For hydrogel casting on the bottom of the 3.5 cm dish, special ring‐like PDMS holders were fabricated (see “Fabrication of topographically patterned hydrogels”). These hydrogel holders defined resulting hydrogel thickness to 1 mm and had overhanging features to hold the hydrogel block attached to the bottom of the plate. Holders were fabricated using conventional soft‐lithography methods established at the Center of Micronanotechnology (CMi, EPFL). In brief, the array of circular rings (∅ = 10 mm) was drawn using a CleWin (Phoenix Software). The designed layout was written with a diode laser onto a fused silica plate coated with chrome and positive photoresist (Nanofilm) using an automated system (VPG200, Heidelberg Instruments). Exposed photoresist was removed with a developer (DV10, Süss MicroTec), and the chrome layer underneath was etched with an acid–oxidizer solution of perchloric acid, cerium ammonium nitrate, and water. The resulting mask was developed with TechniStrip P1316 (Microchemicals) to remove the residual resist and extensively washed with ultrapure water. The mold was made from double‐layered epoxy‐based negative photoresist SU8. First, a 250 μm thick layer of SU8 GM1075 (Gerlteltec) photoresist was cast onto a dehydrated silicon wafer using a negative resist coater (LMS200, Sawatec). After baking at 110°C for 4 h, a second 250 μm thick layer of the SU8 GM1075 was coated, resulting in total thickness of a 500 μm. After second bake, this wafer was aligned and exposed to ultraviolet (UV) radiation through the mask (MA6/BA6, Süss MicroTec). After the postexposure bake at 85°C for 5 h, the wafer was developed with propylene glycol monomethyl ether acetate (Sigma) and baked at 135°C for 4 h. The wafer was then plasma‐activated and silanized with vapored trichloro (1H,1H,2H,2H‐perfluorooctyl) silane (Sigma‐Aldrich) overnight. This wafer was then used for polydimethylsiloxane (PDMS) molding (Sylgard 184, Dow Corning). Ten weight‐parts of elastomer base were vigorously mixed with one part of curing agent and poured onto the mold. After degassing under vacuum, PDMS was baked for 24 h at 80°C. The resulting PDMS replica was cut and punched with appropriate size biopsy punchers (5 mm for inner hydrogel area, 18 mm outside diameter). Resulting hydrogel holders were sterilized with UV and kept sterile until further use.
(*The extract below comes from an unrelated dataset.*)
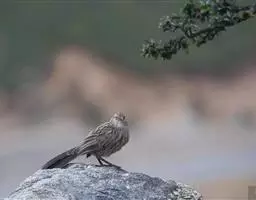 性吵嚷,结小至大群栖于森林树冠层或于浓密的棘丛。似喘息的群鸟叫声;轻柔的“teer、teer”联络叫声,告警时发“tzzz”声。兴奋时发出尖叫声及似笑叫声。

The stamps featuring micropillars topography were fabricated using conventional soft‐lithography methods established at the Center of Micronanotechnology (CMi, EPFL). In brief, the 3D models of the micropillars were designed in Autodesk Inventor. A diameter gradient was introduced into the crypt design to accommodate variability in blastocyst size (Fig 1C). The STL model was further processed in DeScribe 1.7 (Photonic Professional) to optimize it for printing 2PP lithography (NanoScribe GT2, Photonic Professional). The printing parameters were defined to have a slicing distance of 1 μm and a hatching distance of 600 nm. Writing was performed in the galvo scan mode and the 3D model was divided in 400 × 400 μm subblocks, corresponding to the FOV of 25× objective. The model was printed in acrylic photopolymer resin IP‐S (Photonic Professional), which was deposited on the surface of indium‐tin‐oxide (ITO)‐coated soda lime slides. Once the printing process was finalized, the slides were developed for 7 min in propylene glycol monomethyl ether acetate (PGMEA, Sigma‐Aldrich), followed by 5 min rinsing with ultrapure isopropanol and gentle blow‐drying. Then, samples were UV cured for 10 min (MA6/BA6, Süss MicroTec) and backed in the 80°C oven for 3 h. To fabricate a master mold featuring inverted topography, 3D printed models were then plasma‐activated and silanized with vapored trichloro (1H,1H,2H,2H‐perfluorooctyl) silane (Sigma‐Aldrich) overnight. Then, polydimethylsiloxane (PDMS, Sylgard 184, Dow Corning) was used for molding. Ten weight‐parts of elastomer base were vigorously mixed with one part of curing agent and poured onto the mold. After degassing under vacuum, PDMS was baked for 12 h at 80°C. The resulting PDMS replica was cut, plasma‐activated, and silanized with vapored trichloro (1H,1H,2H,2H‐perfluorooctyl) silane (Sigma‐Aldrich) overnight. This replica was used multiple times as a master for molding stamps, following the same protocol (PDMS Sylgard 184, 1:10 ratio, baked at 80°C for 12 h).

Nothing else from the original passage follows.